Professor Georg Duesberg, investigator in AMBER, the Science Foundation Ireland funded materials science centre based at Trinity College Dublin, and Trinity’s School of Chemistry and his team, in collaboration with the group of Dr Andreas Holzinger at Université Grenoble Alpes and Professor Maryam Tabrizian from Montreal McGill University, Montreal, have produced a new graphene biosensor. This new biosensor has demonstrated very high sensitivity in detecting cholera toxins and can provide earlier diagnosis of conditions such as cancer and other infectious diseases. The work was recently published in the prestigious Journal of the American Chemical Society.*

The sensor, known as a Surface Plasmon Resonance (SPR) sensor, is an established optical technique for medical diagnosis with high sensitivity and specificity and can potentially be used for lab-on-a-chip sensors.

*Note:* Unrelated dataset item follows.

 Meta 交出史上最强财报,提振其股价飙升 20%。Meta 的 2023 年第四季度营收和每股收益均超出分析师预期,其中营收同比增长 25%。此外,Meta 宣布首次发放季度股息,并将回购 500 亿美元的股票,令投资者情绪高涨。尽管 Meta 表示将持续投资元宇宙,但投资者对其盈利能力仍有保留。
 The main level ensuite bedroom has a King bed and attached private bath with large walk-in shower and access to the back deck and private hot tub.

The researchers discovered that the addition of graphene leads to a twofold increase in the sensor signal. Graphene is a single-atom thick sheet of carbon with extraordinary properties: it is ultra-light, flexible, and transparent. It amplifies the signal of the SPR sensor and the ultrathin layer can also anchor individual molecules for a specific disease.

This sensor was used for the detection of cholera toxins but it could be expanded to other diseases, such as cancer. The cholera toxin was detected within minutes, in contrast to current detection techniques which may take hours or even days.

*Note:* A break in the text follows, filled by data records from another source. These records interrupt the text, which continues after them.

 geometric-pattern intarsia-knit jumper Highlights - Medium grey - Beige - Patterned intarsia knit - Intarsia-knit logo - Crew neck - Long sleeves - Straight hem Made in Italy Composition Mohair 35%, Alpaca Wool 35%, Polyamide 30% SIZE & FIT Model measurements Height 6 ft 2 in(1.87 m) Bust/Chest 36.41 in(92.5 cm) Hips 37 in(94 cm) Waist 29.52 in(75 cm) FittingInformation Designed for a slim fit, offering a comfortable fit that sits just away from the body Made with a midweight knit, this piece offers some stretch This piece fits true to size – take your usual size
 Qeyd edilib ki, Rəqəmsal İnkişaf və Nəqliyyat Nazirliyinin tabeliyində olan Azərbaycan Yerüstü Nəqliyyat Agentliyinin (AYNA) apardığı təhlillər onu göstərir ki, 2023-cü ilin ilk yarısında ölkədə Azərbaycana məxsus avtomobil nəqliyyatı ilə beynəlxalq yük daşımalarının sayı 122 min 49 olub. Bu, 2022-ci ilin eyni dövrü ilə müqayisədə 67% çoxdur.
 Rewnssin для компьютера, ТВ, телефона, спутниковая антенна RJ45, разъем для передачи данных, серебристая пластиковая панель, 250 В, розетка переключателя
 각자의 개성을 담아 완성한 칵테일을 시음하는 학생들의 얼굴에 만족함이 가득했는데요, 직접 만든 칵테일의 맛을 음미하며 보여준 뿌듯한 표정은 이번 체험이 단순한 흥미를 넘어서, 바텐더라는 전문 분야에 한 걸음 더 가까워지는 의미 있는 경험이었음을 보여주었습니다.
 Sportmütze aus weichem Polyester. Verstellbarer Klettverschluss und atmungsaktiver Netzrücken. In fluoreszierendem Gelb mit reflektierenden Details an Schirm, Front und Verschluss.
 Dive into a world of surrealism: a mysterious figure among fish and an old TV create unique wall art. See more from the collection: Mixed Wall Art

Professor Georg Duesberg said: “We showed experimentally that simply the addition of graphene led to a clear increase in the sensor signal. This type of sensing platform offers a large variety for medical diagnostics since it can be adapted to almost any type of disease markers.”

Dr Holzinger, UJF Grenoble, said: “In addition, because of the sensitivity, apart from faster results, it could more easily detect smaller amounts of biomarkers, thus providing earlier diagnosis and prognosis of conditions such as cancer. This also means that a smaller sample is required from the patient for detection e.g. a pin-prick drop of blood, compared to a vial or injection. Our discovery is also applicable for other types of infectious diseases such as malaria and TB.”

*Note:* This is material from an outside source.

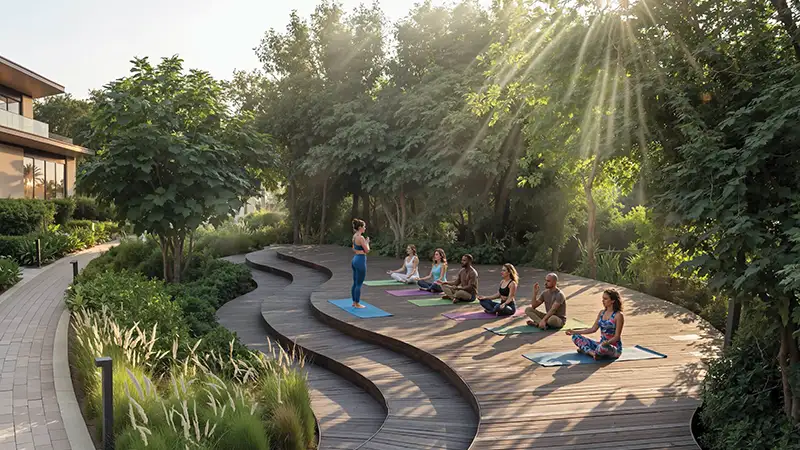 - Thoughtfully designed masterplan integrates wellness loops, cycling tracks, and shaded pathways encouraging active, balanced living.
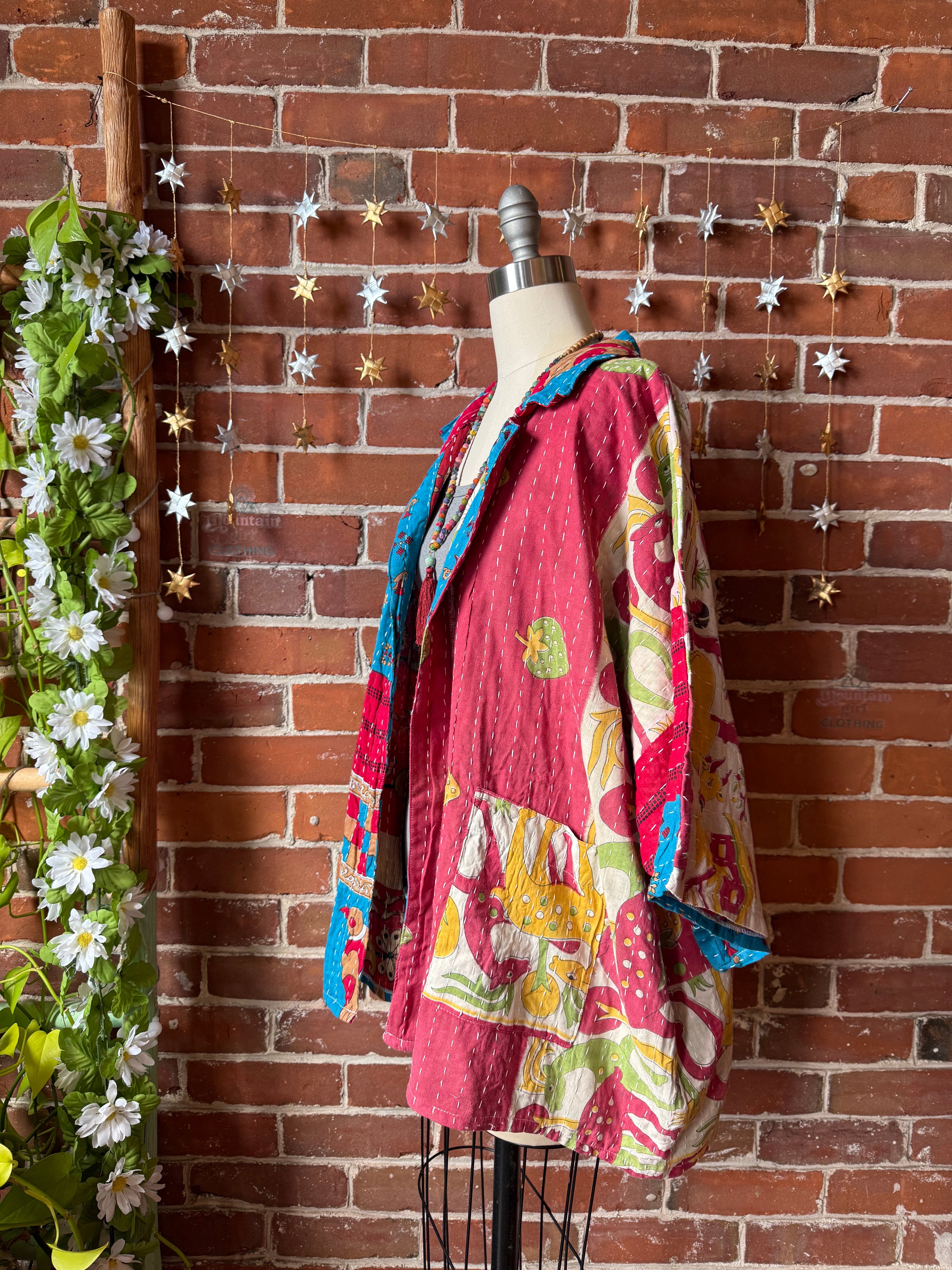 Soft lightweight Kantha jacket with collar and pockets at each side.

This original setup of SPR biosensors reaches clearly higher sensitivities than the standard enzyme-linked immunosorbent assay (ELISA) and has the potential for being a real alternative. The need for label free-bio-sensors is enormous.

The graphene grown in Prof Duesberg’s lab has been shown to be more suited to the sensor development than other forms of graphene used previously. The graphene growth technique is known as chemical vapour deposition (CVD) and it creates large areas of single layer graphene with few defects. The lack of defects and homogeneity of the graphene surface is what aids the amplification of the sensor signal.

Prof Duesberg is a member of Europe’s Graphene Flagship, which lays out a science and technology road map, targeting research areas designed to take graphene and related 2D materials from academic laboratories into society.

With 142 partners in 23 countries, the Graphene Flagship was established following a call from the European Commission to address big science and technology challenges of the day through long-term, multidisciplinary R&D efforts.